The expected response is the complete listing below, restated exactly, with its pictures omitted.

COLLECTED DATA =

=====

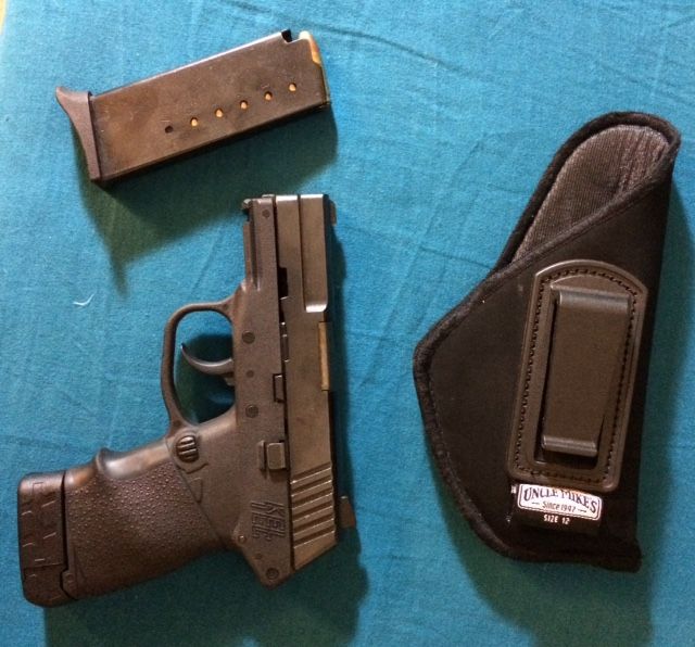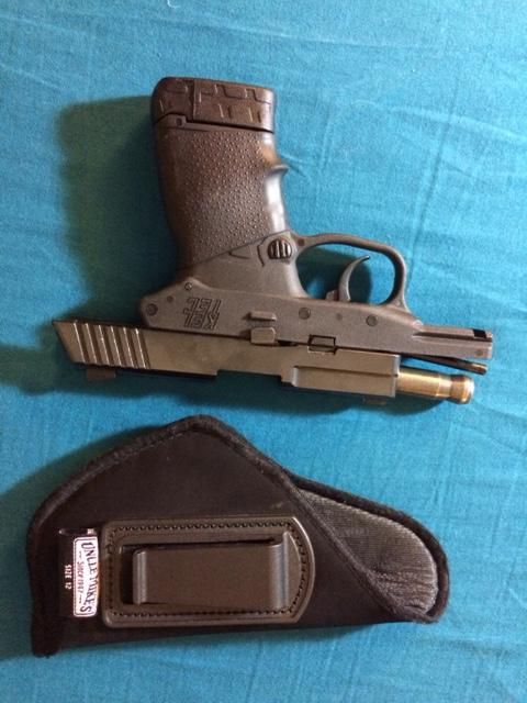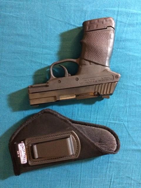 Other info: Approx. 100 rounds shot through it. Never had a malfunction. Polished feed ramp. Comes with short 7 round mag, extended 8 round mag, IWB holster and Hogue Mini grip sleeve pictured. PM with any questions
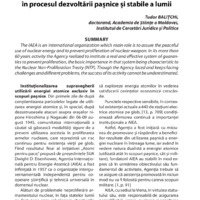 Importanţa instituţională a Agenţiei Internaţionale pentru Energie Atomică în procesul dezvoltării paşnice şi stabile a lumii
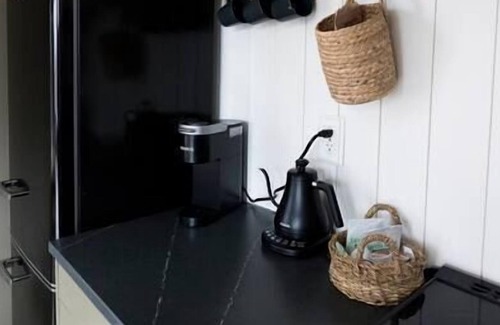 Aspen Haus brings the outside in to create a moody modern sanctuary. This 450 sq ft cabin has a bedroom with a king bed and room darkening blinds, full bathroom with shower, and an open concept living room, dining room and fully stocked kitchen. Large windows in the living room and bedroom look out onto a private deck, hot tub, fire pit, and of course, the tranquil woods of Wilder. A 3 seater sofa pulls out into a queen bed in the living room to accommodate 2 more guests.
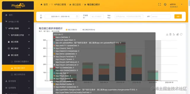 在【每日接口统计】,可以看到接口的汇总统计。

=====

RESULT OF THE EXERCISE =
 Other info: Approx. 100 rounds shot through it. Never had a malfunction. Polished feed ramp. Comes with short 7 round mag, extended 8 round mag, IWB holster and Hogue Mini grip sleeve pictured. PM with any questions
 Importanţa instituţională a Agenţiei Internaţionale pentru Energie Atomică în procesul dezvoltării paşnice şi stabile a lumii
 Aspen Haus brings the outside in to create a moody modern sanctuary. This 450 sq ft cabin has a bedroom with a king bed and room darkening blinds, full bathroom with shower, and an open concept living room, dining room and fully stocked kitchen. Large windows in the living room and bedroom look out onto a private deck, hot tub, fire pit, and of course, the tranquil woods of Wilder. A 3 seater sofa pulls out into a queen bed in the living room to accommodate 2 more guests.
 在【每日接口统计】,可以看到接口的汇总统计。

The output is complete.